A tiny corner of Japan has landed in Nottingham at the city's newest restaurant Nan Tei.
Owner, chef Chi Mok, wants to replicate the kind of atmosphere and food found at traditional Japanese yakitori bars where hordes of people head after work.
He said: "They drink a little bit of beer, eat a little bit and talk a lot. Then they have sake, eat some more."
While sushi and teppanyaki have become more mainstream on Nottingham's cosmopolitan food scene, yakitori is not widely available.
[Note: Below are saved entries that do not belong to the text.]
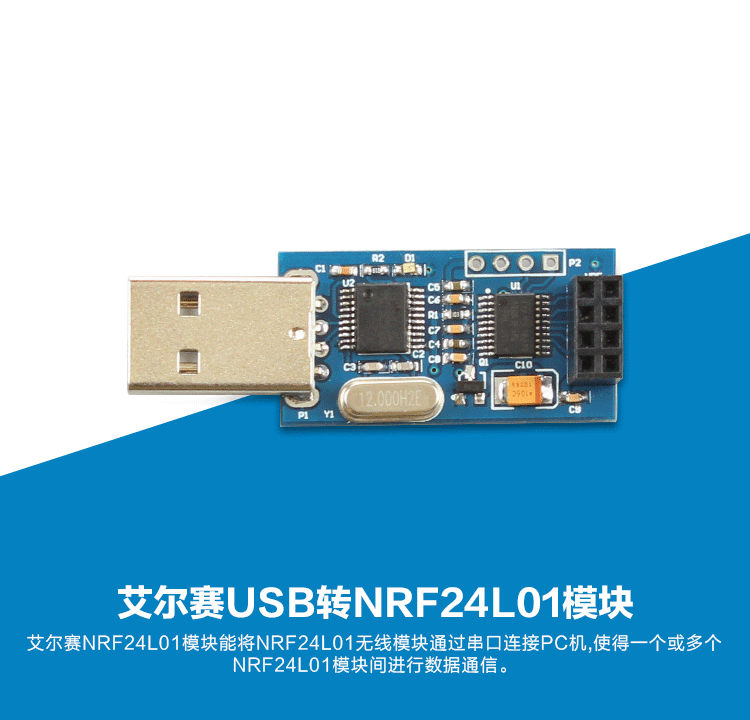 USB转NRF24L01模块 USB无线串口模块 透传 数传通信采集模块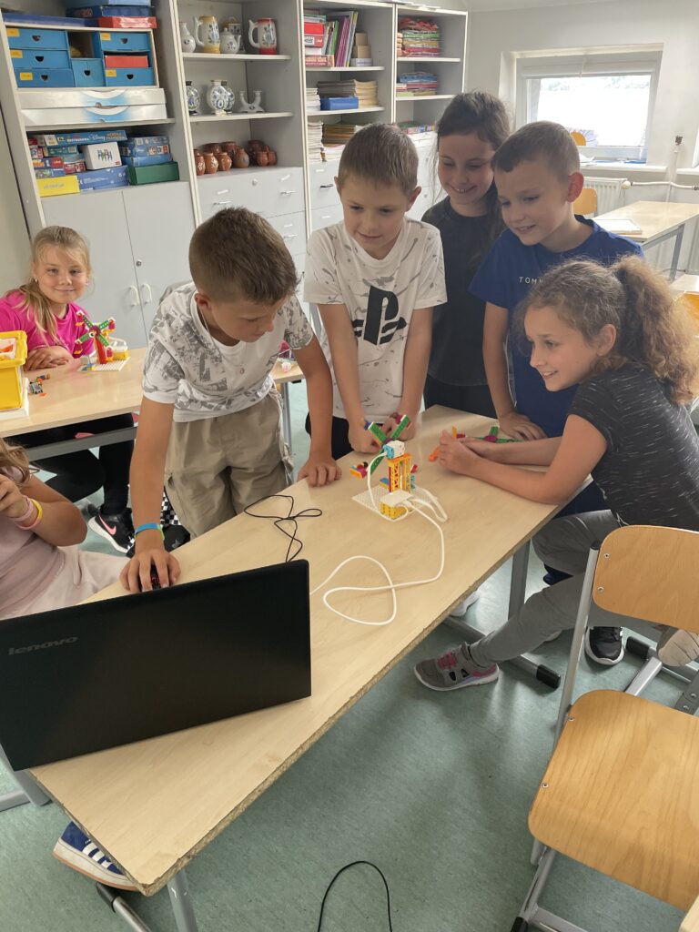 Warsztaty z robotyki obejmowały podstawy budowania robotów i programowania zgodnie z instrukcjami. Uczniowie uczyli się logicznego myślenia, współpracy w zespole oraz kreatywnego rozwiązywania problemów. Zajęcia cieszyły się dużym zainteresowaniem — powstały pierwsze prototypy, które mogliśmy przetestować na szkolnym torze.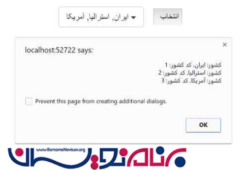 در این بخش به نوشتن کدهای جاوااسکریپت که برای ارزیابی و نمایش نتیجه مورد نیاز است، می پردازیم. کدهای نوشته شده در زیر دارای دو بخش است، در بخش اول خصوصیات تگ select که دارای شناسه ddlCountry تنظیم شده است. در بخش دوم تابع GetSelectedCountries پیاده سازی شده است که به وسیله یک حلقه، تمامی گزینه های داخل تگ select را بررسی می کند و اگر selected آن گزینه فعال باشد یعنی آن گزینه توسط کاربر انتخاب شده است و مقادیر آن option به متغییر selectedCountries اضافه می شود. همچنین در آخر یک شرط قرار داده شده است که اگر متغییر selectedCountries دارای مقدار بود، مقدار آن را به وسیله alert نمایش دهد و در غیر این صورت به کاربر اعلام شود که گزینه ایی انتخاب نشده است.

At Kushi-ya, the two British chefs put their own twist on the skewers, while yakitori at chains Sushimania and Wagamama appeal to the masses with no sign of chicken gizzards, and other innards.
At Nan Tei, a 25-seater restaurant, in Maid Marian Way, it's the real deal.
For the uninitiated yaki means grilled and tori is chicken - and it's the equivalent of a Japanese barbecue where the food is cooked on wooden skewers over a high temperature grill.
The menu is authentic and relatively inexpensive with prices for each skewer ranging from £2.20 to £3.30.
There's no marinade - the meaty and fishy morsels are cooked with a sprinkle of salt. Diners can choose from chicken wings, mushrooms stuffed with chicken, asparagus wrapped pork, beef fillet and lamb chops.
As per tradition, not a lot goes to waste so it's not a menu for the squeamish. All the chicken is used; the skin, liver, gizzard and heart are grilled and served along with Chi's signature dish - beef tongue.
Fish yakitori includes prawn, salmon, eel and capelin, a small fish not unlike whitebait, eaten in its entirety.
Diners can bulk out their meal with veggie accompaniments such as bean curd, okra, sweet corn and edamame beans, and sides of hot soup over rice, rice balls, miso soup and noodles, either udon or soba.
Those who simply want to get stuck in can order a bento box for lunch or dinner with eel, chicken, pork, beef tongue or pork, complete with miso soup, vegetable salad, rice or noodles and ice cream.
It's not yakitori without beer and there are two Japanese staples on offer - Asahi and Sapporo by the bottle - plus six varieties of sake for all price brackets, up to £14.50 for 300ml of Ozeki platinum, described as the pinnacle of Ozeki sake, refreshingly dry with a fruity aroma .
Nan Tei follows a minimalist approach to decor, with a splash of colour from the trademark red paper lanterns, or chochin, commonly displayed outside yakitori stalls and restaurants.
The 25-cover space, close to the Salutation, includes five seats at the counter where customers can see Chi in action and chat to him as he cooks.
"I wanted to bring something different to Nottingham - this is authentic and there's nowhere else in Nottingham like this," said Chi, who used to cook yakitori in Hong Kong.
He came to England 13 years ago and has worked in the kitchens of two popular Chinese restaurants - Mr Man's in Wollaton and Chungs in Mapperley.
Nan Tei will normally be open seven days a week, lunchtimes (Tuesday to Saturday, noon to 2.30pm) and evenings from 6pm but the restaurant will be temporarily closed from July 20 until July 28.